=== Task brief ===
Repeat only the lines below from the one that contains "When you’re dreaming" through the final line, exactly. Omit pictures.

=== Supplied material ===

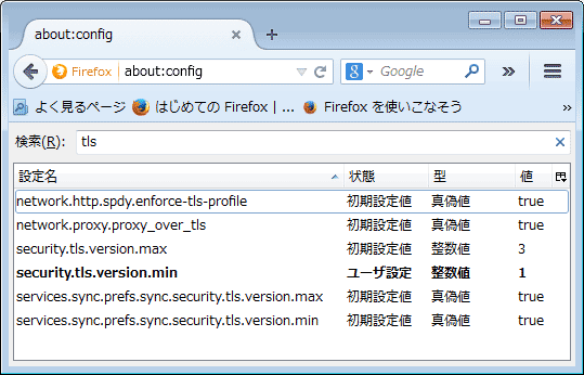 ※「security.tls.version.max」には通常、3(TLS 1.2)が初期値で設定されています。)
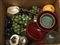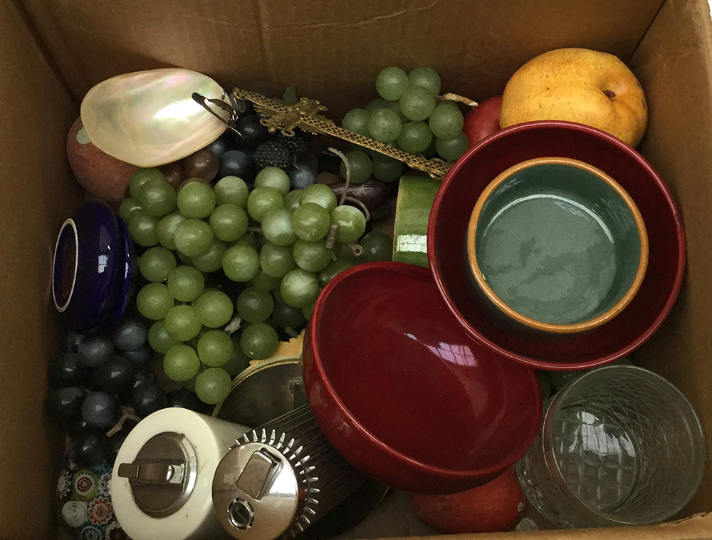 Cartone composto da numerosi oggetti diversi tra cui due accendini da tavolo, frutta finta, una cornice, un crocefisso ed altri, materiali differenti (difetti)
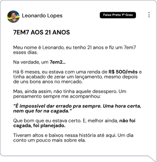 Toda a estratégia e metodologia ensinadas e transmitidas no programa são chanceladas por ele, que possui mais de 10 anos de experiência no campo de batalha e já transformou a vida de muitos alunos, os quais hoje alcançam faturamentos de 6, 7 e até 8 dígitos em apenas 7 dias consecutivos.
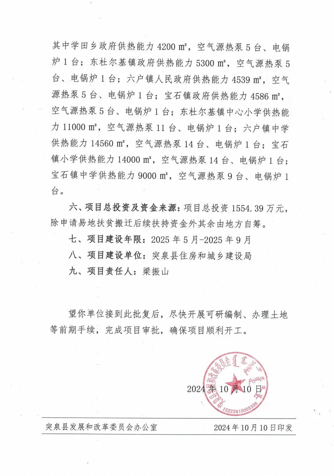 内蒙古自治区兴安盟科尔沁右翼前旗桃合木苏木乌申一合嘎查地区清洁能源储能供暖建设项目项目备案告知书项目代码:2410-152221-04-01-146895您提交的内蒙古自治区兴安盟科尔沁右翼前旗桃合木苏木乌申一合嘎查地区清洁能源储能供暖建设项目 能源类的项目备案项目,符合产业政策和市场准入标准,准予备案。请据此开展有关工作。在开工建设前,应当办理法律法规要求的其他手续,方可开工。特此告知!建设地点:兴安盟--科尔沁右翼前旗--兴安盟-科尔沁右翼前旗-内蒙古自治区兴安盟科尔沁右翼前 旗桃合木苏木乌申一合嘎查地区总投资:520万元,其中自有资金:520 万元 , 申请银行贷款:0万元 , 其他0 万元建设规模及内容:使用固体储能电锅炉供热,同时使用智能远程管理系统,供热面积:约21076平米,共2台固体储能电锅炉,使用1台1000千瓦固体储能电锅炉供热,1台144千瓦固体储能电锅炉供热.(注意:项目自备案2年内未开工建设或者未办理任何其他手续的,项目单位如果 决定继续实施该项目,请通过在线平台作出说明;如果不再继续实施,请申请撤销已 备案项目,2年期满后仍未作出说明并未撤销的,备案机关将删除已备案项目并在在线平台公示。)http://nmg.tzxm.gov.cn/project/gsSegvDsgger.jspx?cbsnum=20241016091824875N&captcha=YXFncXQ=
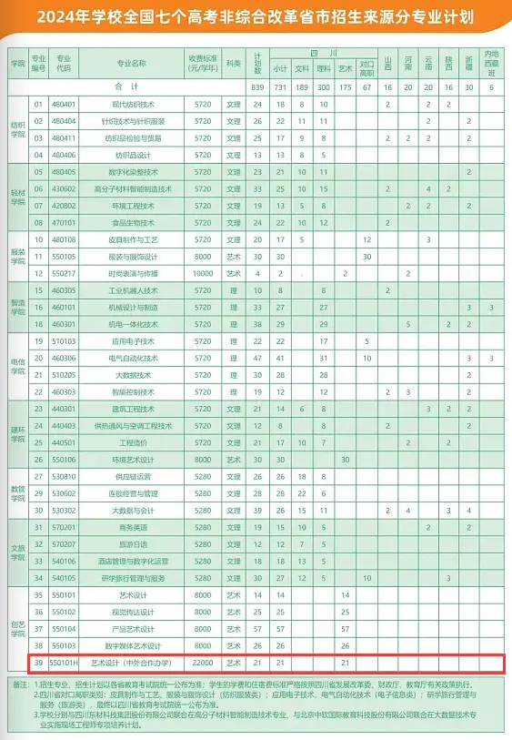 成都纺织高等专科学校中外合作办学专业有艺术设计等,以下是具体名单一览表,供大家参考,由于专业设置可能会变动,正式填报时需要以学校最新公布的数据为准。
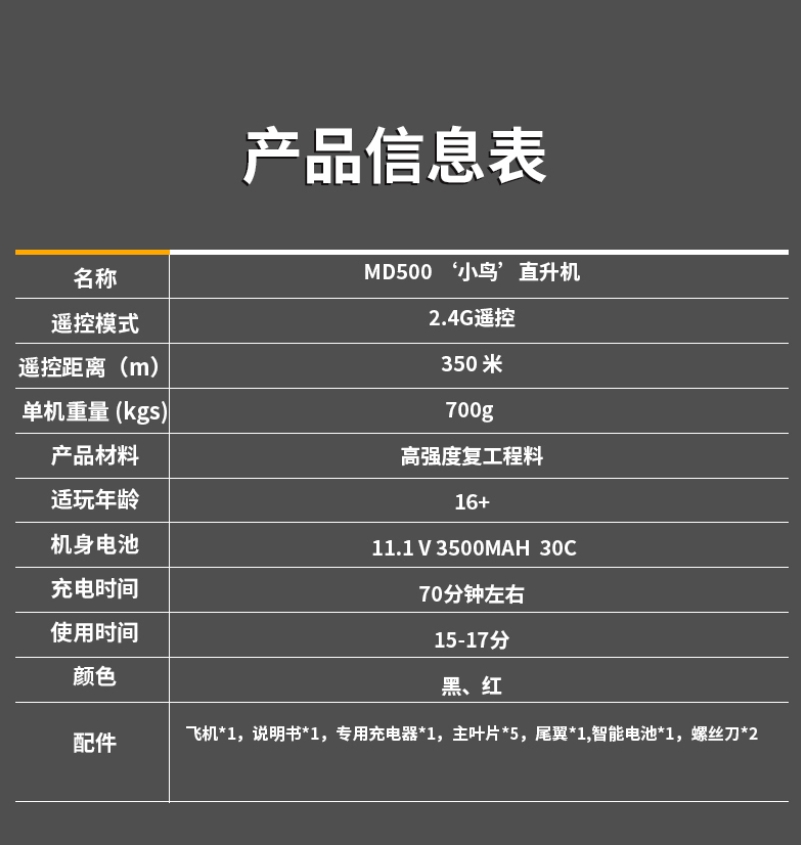 1>根據美國MD500 小鳥直升機16:1比例縮小,具有高模擬外觀細節 酷炫燈光。
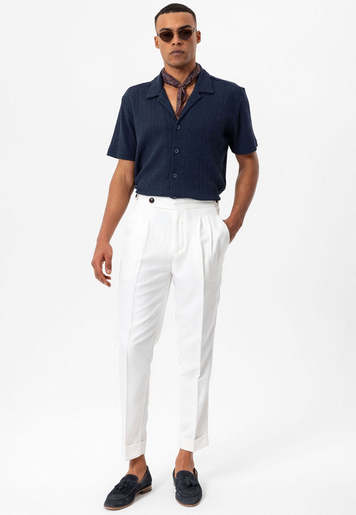 Dieses kurzärmelige Hemd setzt mit seinem kühnen Look und seiner raffinierten Ästhetik ein Statement. Entworfen für sowohl Komfort als auch Stil, bietet es eine markante Silhouette und einen hochwertigen Stoff, der den luxuriösen Look unterstreicht. Die Knopfleiste verleiht eine klassische Note, wodurch es eine vielseitige Wahl für sowohl tägliche Stadtoutfits als auch geschäftliche Looks ist. Leicht mit verschiedenen Hosen kombinierbar, hilft dir dieses Hemd, einen selbstbewussten und stilvollen Look zu kreieren, der dein Erscheinungsbild mühelos auf das nächste Level hebt.
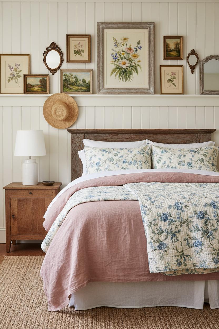 When you’re dreaming up the coziest backdrop for your bed, think in layers: a charming headboard shape, a textural wall, and art that feels gathered over time. Beadboard instantly says cottage bedroom decor, especially when it runs just high enough to cradle the headboard and create a gentle frame. Paint it a creamy white or a soft misty blue, and suddenly your linens look airier, your wood tones warmer, and the whole room feels hushed and restful. Shiplap has that crisp, farmhouse bedroom character—horizontal boards visually widen a narrow space, a great trick for a small bedroom makeover. Keep the boards matte and chalky, then let a linen duvet cover and a floral quilt set bring in the softness. If you’re working with a simple metal or slipcovered headboard, consider adding a shallow plate rail or ledge on the beadboard to perch tiny landscapes, pressed botanicals, or a sprinkling of vintage mirrors. The contrast of tidy millwork with collected treasures gives you that curated-yet-lived-in vibe that a cottagecore room is all about.
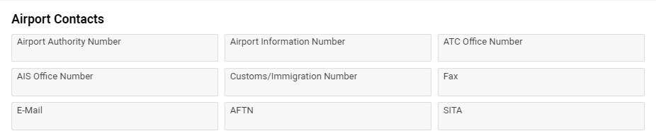 On the page you can fill in the main information about an airport: main information, general details, fuel details and others.

=== Response for this exercise ===
 When you’re dreaming up the coziest backdrop for your bed, think in layers: a charming headboard shape, a textural wall, and art that feels gathered over time. Beadboard instantly says cottage bedroom decor, especially when it runs just high enough to cradle the headboard and create a gentle frame. Paint it a creamy white or a soft misty blue, and suddenly your linens look airier, your wood tones warmer, and the whole room feels hushed and restful. Shiplap has that crisp, farmhouse bedroom character—horizontal boards visually widen a narrow space, a great trick for a small bedroom makeover. Keep the boards matte and chalky, then let a linen duvet cover and a floral quilt set bring in the softness. If you’re working with a simple metal or slipcovered headboard, consider adding a shallow plate rail or ledge on the beadboard to perch tiny landscapes, pressed botanicals, or a sprinkling of vintage mirrors. The contrast of tidy millwork with collected treasures gives you that curated-yet-lived-in vibe that a cottagecore room is all about.
 On the page you can fill in the main information about an airport: main information, general details, fuel details and others.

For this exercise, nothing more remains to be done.